Tino movió la cabeza afirmativamente.

- ¡ Cómo!

- Me ilusiona ser despedido igual que fue recibido el hijo pródigo…

- Es que piensas irte… ¿adónde?

- El apóstol Pedro me ha dado la solución… Todo hubiera sido preferible, desde luego, a caer en la aberración de renegar… ¿O acaso, padre, te habría complacido tener un hijo pagano?

- ¡ No digas tonterías! Por adelantado te niego toda autorización para abandonar la casa…

- Soy mayor de edad, padre. Me voy a Jerusalén. Recorreré en peregrinación, a pie, como lo hizo Nuestro Señor Jesucristo, Palestina… Iré a Antioquía. Después, al cabo de no sé qué tiempo, regresaré a Roma. Tengo una misión que cumplir. ¿Te imaginas? No… El apóstol Pedro tiene confianza en mí. De vuelta, me nombrará presbítero adjunto de la iglesia del sumenio.

- ¡ Del sumenio! Bonita carrera: catequizar a las ratas sumenias…

- Exactamente…

- Y todo ese programa lo vas a realizar con mi dinero.

- Con el mío…

- Que es el mío…

- No, no, padre, el mío…

- Tu dinero y el de todos los de esta casa es mío.

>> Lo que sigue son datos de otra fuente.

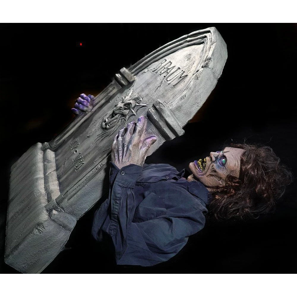 Dead Weight Tomb static zombie Prop. This Zombie tombstone prop by Distortions Unlimited is perfect for your Halloween decoration needs. Made of high quality latex and foam filled with metal armature. Great Halloween decoration and prop for yard haunts. Clothing may vary.
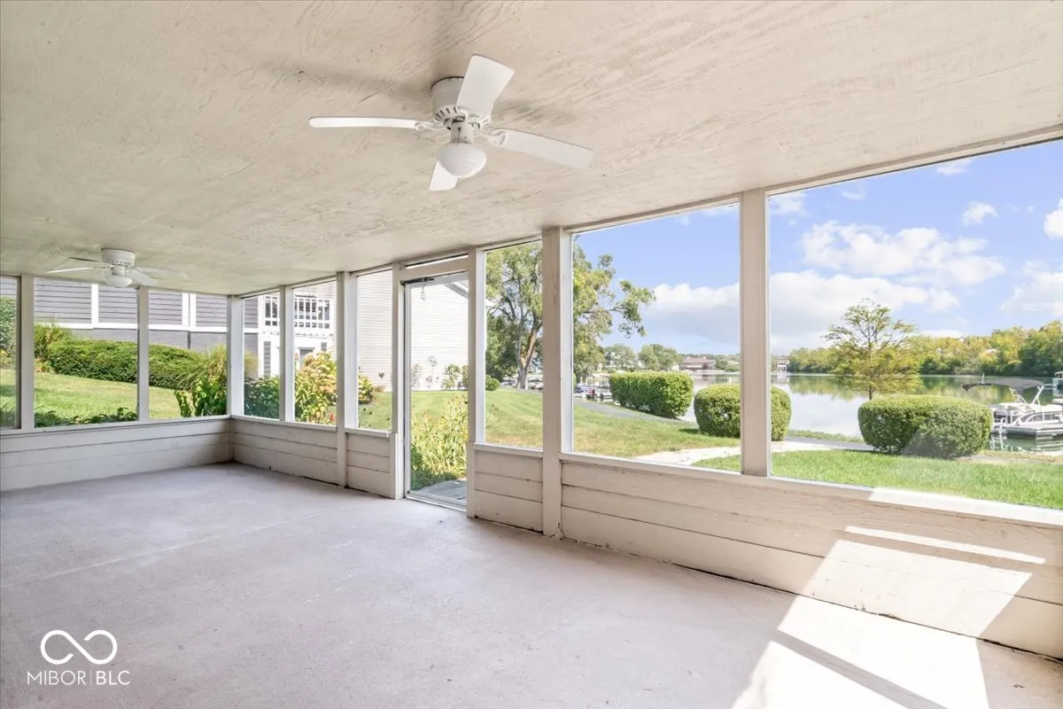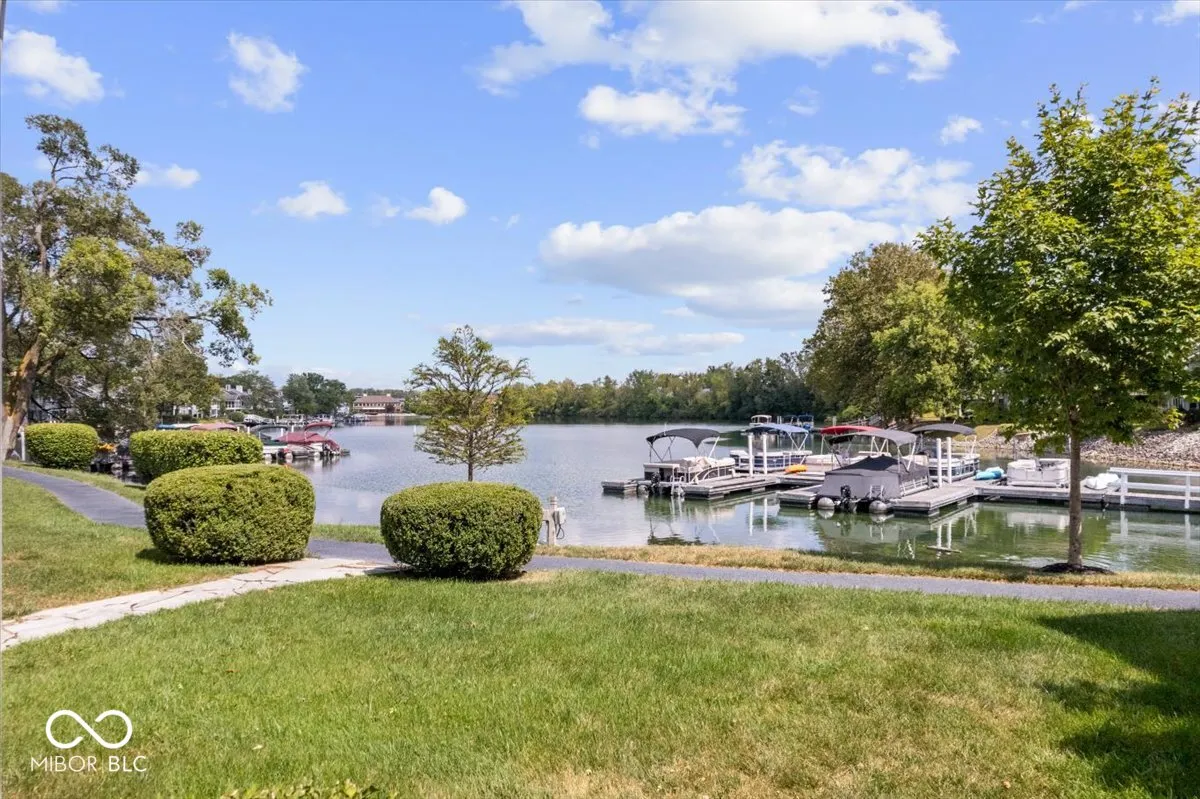 Own a slice of paradise in Clearwater Cove! End-unit condo boasts unbeatable waterfront views across the cove and your own boat slip, with the rare combination of lakefront privacy and lush green space. Whether you’re relaxing on the upper deck or enjoying the lower level screened porch, you’ll find the perfect spot to unwind. Inside, the living room is bright and airy with soaring ceilings and large windows that frame stunning lake views. Kitchen flows seamlessly into the dining and living rooms, making it an ideal space for entertaining. Convenient main level laundry and extra pantry storage in the garage. Primary suite features a spacious walk-in closet, bathroom with soaking tub, double vanity and updated shower. Home office off the entry could serve as a guest room with half bath nearby. Downstairs, the family room features a cozy gas fireplace, wet bar and large screened porch. Second bedroom en-suite is ideal for guests or family. Lake Clearwater’s pristine waters offer the best fishing, swimming, and boating on Indy’s north side. Upscale shopping, fine dining and easy access to 465 just moments away. This hidden gem offers the perfect mix of luxury and convenience. Embrace the low-maintenance, resort-style living at Clearwater Cove!

- Te repito que no con tu dinero. El mío, con el que realizaré el viaje, me lo dará Pedro.

Salomón bajó la cabeza. Y en seguida se deslizó de la litera, diciéndole al triclinario:

- Apaga los pebeteros. -Y a su hijo-: Vete a dormir, y mañana, cuando se te haya despejado la cabeza, hablaremos despacio.

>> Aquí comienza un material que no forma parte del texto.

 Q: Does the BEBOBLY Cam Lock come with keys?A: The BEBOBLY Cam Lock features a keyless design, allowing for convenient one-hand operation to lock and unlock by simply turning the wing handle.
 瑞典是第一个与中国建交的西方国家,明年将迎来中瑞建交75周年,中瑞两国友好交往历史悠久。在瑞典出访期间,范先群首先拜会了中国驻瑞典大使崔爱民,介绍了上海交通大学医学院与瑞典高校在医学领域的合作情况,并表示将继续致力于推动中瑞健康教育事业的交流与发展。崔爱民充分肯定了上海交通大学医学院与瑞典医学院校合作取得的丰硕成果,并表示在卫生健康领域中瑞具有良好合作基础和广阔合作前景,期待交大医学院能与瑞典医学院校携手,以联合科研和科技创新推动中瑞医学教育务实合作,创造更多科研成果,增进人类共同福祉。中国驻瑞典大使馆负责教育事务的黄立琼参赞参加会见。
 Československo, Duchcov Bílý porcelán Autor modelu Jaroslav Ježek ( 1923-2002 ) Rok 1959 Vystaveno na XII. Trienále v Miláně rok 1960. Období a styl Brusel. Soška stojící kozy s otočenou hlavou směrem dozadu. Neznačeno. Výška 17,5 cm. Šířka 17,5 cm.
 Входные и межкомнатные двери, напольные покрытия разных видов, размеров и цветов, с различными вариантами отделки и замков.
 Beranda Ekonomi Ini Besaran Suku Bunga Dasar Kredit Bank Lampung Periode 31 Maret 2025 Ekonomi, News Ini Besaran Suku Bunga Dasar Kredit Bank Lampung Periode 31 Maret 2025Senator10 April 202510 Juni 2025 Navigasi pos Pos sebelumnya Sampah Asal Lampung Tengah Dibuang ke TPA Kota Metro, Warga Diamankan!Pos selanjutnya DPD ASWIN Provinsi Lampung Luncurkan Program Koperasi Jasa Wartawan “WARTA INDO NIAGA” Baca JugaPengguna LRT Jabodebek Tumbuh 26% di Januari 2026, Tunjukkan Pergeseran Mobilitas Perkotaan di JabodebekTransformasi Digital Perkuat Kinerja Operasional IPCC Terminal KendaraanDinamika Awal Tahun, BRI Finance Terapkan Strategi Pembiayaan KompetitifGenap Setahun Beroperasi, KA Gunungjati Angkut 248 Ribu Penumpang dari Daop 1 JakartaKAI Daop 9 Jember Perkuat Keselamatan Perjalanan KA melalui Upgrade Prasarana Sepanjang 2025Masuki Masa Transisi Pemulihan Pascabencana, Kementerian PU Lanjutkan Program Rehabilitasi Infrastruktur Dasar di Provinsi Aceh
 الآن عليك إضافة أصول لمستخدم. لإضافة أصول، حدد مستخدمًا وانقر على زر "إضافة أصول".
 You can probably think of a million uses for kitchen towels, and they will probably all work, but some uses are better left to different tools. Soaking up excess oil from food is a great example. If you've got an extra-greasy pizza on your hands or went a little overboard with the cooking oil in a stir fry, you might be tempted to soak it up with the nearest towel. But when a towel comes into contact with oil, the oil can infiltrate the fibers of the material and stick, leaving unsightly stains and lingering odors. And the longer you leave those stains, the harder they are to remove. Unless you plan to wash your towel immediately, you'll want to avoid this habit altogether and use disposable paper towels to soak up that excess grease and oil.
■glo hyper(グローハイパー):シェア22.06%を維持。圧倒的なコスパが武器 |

Salió del comedor y de paso apagó una de las columnas luminarias. Tino se quedó contemplándolo un instante. Sintió pena por él. De buena gana echaría a correr para abrazarle: «¡Padre, ya eres viejo y quizá no volvamos a vernos. Dame tu bendición!» Mas lo dejó irse, seguro de que en ese momento se rompía el pacto de la sangre. Había entrado en una nueva alianza, en una nueva familia. ¡Qué distintos estos viejos lazos familiares de aquellos que ataba el Apóstol! Pocas horas antes. Tino había salido de su casa siendo un adolescente, un hombre sin madurez, reblandecido por un amor infortunado. Había vuelto hecho un hombre, fortalecido por un amor venturoso. Lo que no lograra su padre lo consiguió Pedro al darle una misión: «Te elijo para la Obra de Dios, Tino; deja a Crispa, deja a los tuyos y ve a Jerusalén». Una alta, delicada y esforzada misión: enderezar sus pasos y los del prójimo hacia Dios. Su padre apenas si le había confiado hasta entonces pequeños menesteres administrativos.

Se iba como el hijo pródigo, pero al festín del sacrificio, a la holganza de la meditación, al Amor de los amores. Por eso había deseado que su padre lo despidiera. Definitivamente. Porque estaba seguro de que al volver, si aún vivía su progenitor, no habría alegrías del retorno. Una barrera insorteable se levantaría entre su padre y él.

Tino abandonó la casa poco antes del amanecer.

En la mañana, Salomón fue en busca de Pedro. El Apóstol le dijo:

- Quizá llegues a tiempo y lo alcances en la puerta Capena. Pero no olvides que Tino es mayor de edad.